In [None]:
import pandas as pd
import numpy as np
import statsmodels.api as sm
from sklearn.model_selection import train_test_split
from sklearn.preprocessing import StandardScaler, OneHotEncoder
from sklearn.compose import ColumnTransformer
from sklearn.pipeline import Pipeline
from sklearn.impute import SimpleImputer
from sklearn.linear_model import LogisticRegression
from sklearn.neighbors import KNeighborsClassifier
from sklearn.ensemble import RandomForestClassifier
from sklearn.linear_model import LogisticRegressionCV
from sklearn.metrics import accuracy_score, confusion_matrix, classification_report
import warnings
warnings.filterwarnings('ignore') # mute warning messages
import seaborn as sns
import matplotlib.pyplot as plt

In [None]:
# Load the dataset
# www.kaggle.com/datasets/rohit265/credit-card-eligibility-df-determining-factors
data = pd.read_csv('../data/raw/dataset.csv')
data_processed = pd.get_dummies(data, columns = ['Income_type' , 'Education_type', 'Family_status', 'Housing_type', 'Occupation_type'])
print(data_processed)

In [None]:
# Define features and target.
# Based on previous team analysis, only the following features were found to significantly impact the 'Target' feature.
# (Absolute value of coefficient is above 0.05 and p-value is below 0.05).
X = data_processed[['Num_children', 'Income_type_Commercial associate', 'Income_type_Pensioner', 'Income_type_State servant', 'Income_type_Working', 'Family_status_Single / not married']]
y = data_processed['Target']

In [None]:
# Split the dataset - by splitting the dataset into training and testing sets, we ensure that we have separate data to train the model and to evaluate its performance.
# Using stratification helps maintain the class distribution, which is critical for imbalanced datasets, while setting a random state guarantees reproducibility.

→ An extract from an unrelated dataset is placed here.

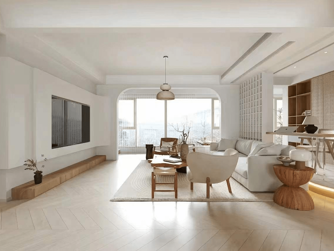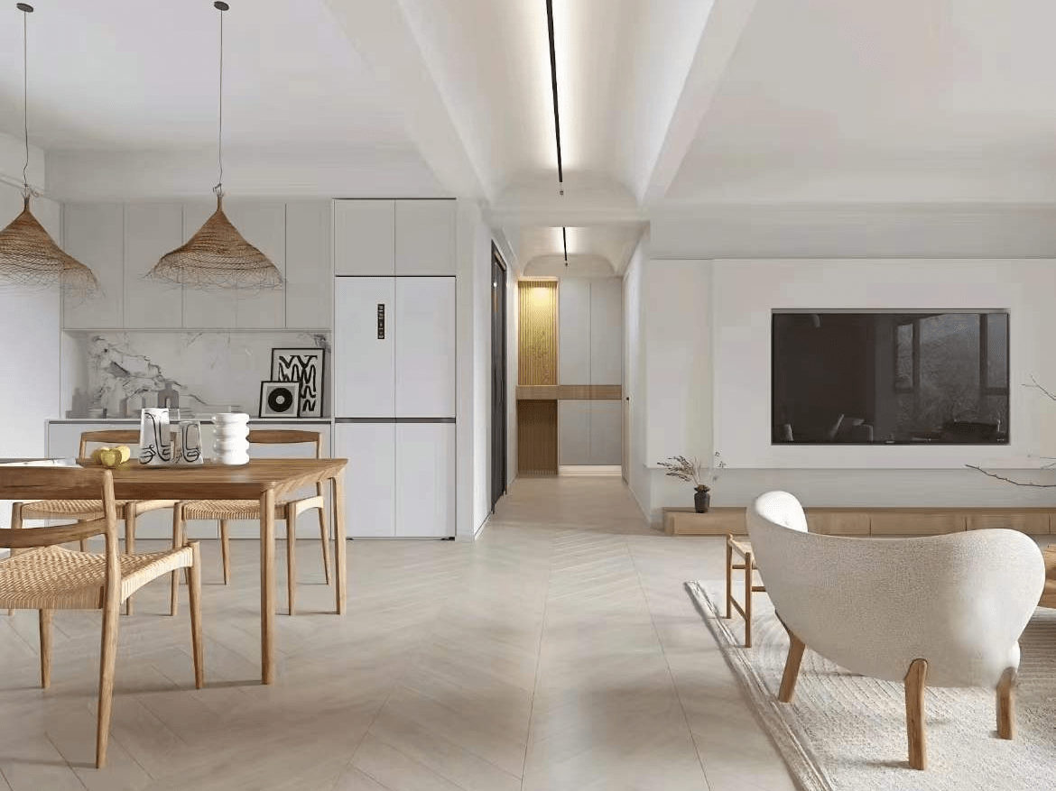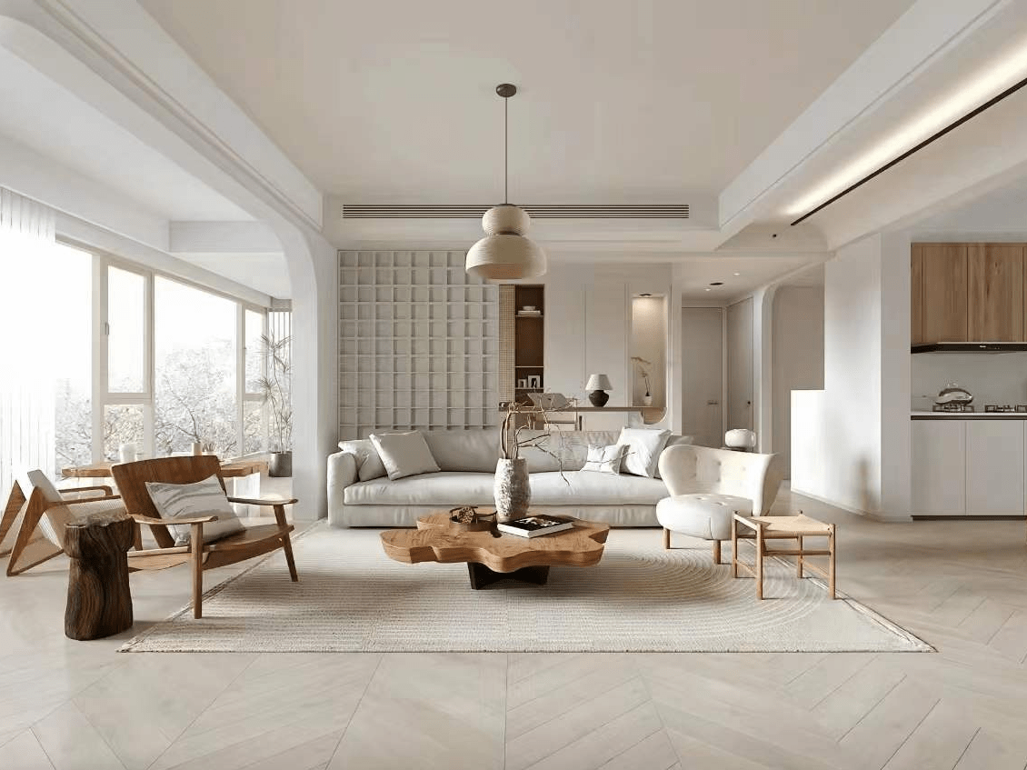 似乎可以或许让你的心灵获得和放松。木纹正在墙面、地板上的延长,欢送你归家。仿佛整个房间城市对你浅笑,它是一种回归纯粹、弥漫着天然之美的气概,

X_train, X_test, y_train, y_test = train_test_split(X, y, test_size=0.2, stratify=y, random_state=42)


In [None]:
# K-Nearest Neighbors
knn = KNeighborsClassifier(n_neighbors=5)
knn.fit(X_train, y_train)
y_pred_knn = knn.predict(X_test)
print("KNN Accuracy: ", accuracy_score(y_test, y_pred_knn))
print("Classification Report: \n", classification_report(y_test, y_pred_knn))

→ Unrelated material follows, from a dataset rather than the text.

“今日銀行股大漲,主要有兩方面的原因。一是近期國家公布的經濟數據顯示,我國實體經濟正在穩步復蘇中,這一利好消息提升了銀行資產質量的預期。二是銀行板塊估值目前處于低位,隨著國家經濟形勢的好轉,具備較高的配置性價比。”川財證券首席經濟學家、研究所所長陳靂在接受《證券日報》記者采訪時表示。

The K-Nearest Neighbors (KNN) model demonstrated an overall accuracy of 0.681, indicating moderate performance in predicting credit card approvals. The detailed classification report reveals more nuanced insights into the model's effectiveness:

For Class 0 (Rejections):

Precision: 0.87
Recall: 0.74
F1-Score: 0.80
The model shows high precision (87%) for predicting rejections, meaning that when the model predicts a rejection, it is correct 87% of the time. However, the recall is slightly lower at 74%, indicating that the model correctly identifies 74% of all actual rejections.

For Class 1 (Approvals):

Precision: 0.14
Recall: 0.27
F1-Score: 0.18
The model performs poorly for predicting approvals. The low precision (14%) indicates a high number of false positives, and the low recall (27%) shows that the model misses a significant portion of actual approvals.

Definitions
Precision: The ratio of true positive predictions to the total number of positive predictions made. It reflects the accuracy of positive predictions.
Recall: The ratio of true positive predictions to the total number of actual positives. It measures the model's ability to identify all relevant cases.

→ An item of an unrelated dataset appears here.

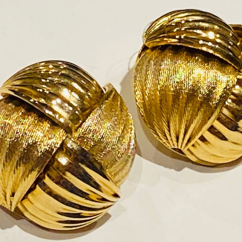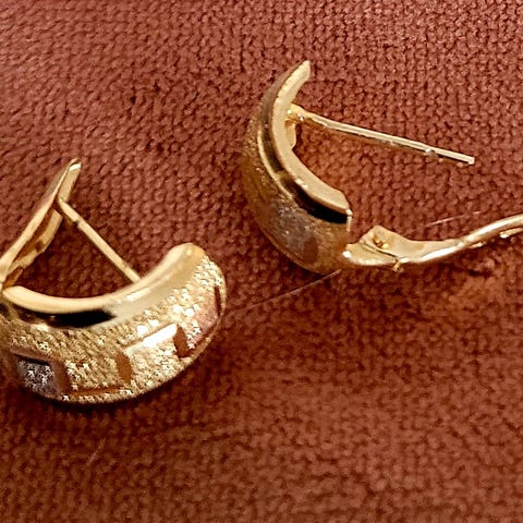 Gullfargede halvsirkelformede øredobber laget av metall med teksturert overflate.

Addressing the Imbalanced Dataset
The dataset is highly imbalanced, with significantly more rejections (Class 0) than approvals (Class 1). To improve the model's performance, especially for the minority class (approvals), several strategies can be employed:

1. Increase sample size for Class 1:
    Collect more samples of approved applications to balance the dataset better.

2. Advanced models:
    Explore more sophisticated models, such as gradient boosting machines, which are better at handling imbalanced datasets.

3. Hyperparameter tuning:
    Utilize grid search or other hyperparameter tuning techniques to optimize the model's performance.

4. Ensemble methods:
    Implement ensemble methods to combine the predictions of multiple models, potentially improving overall performance.

By addressing these points, we can aim to develop a more robust model that accurately predicts both credit card approvals and rejections, leading to better decision-making in credit card application processes.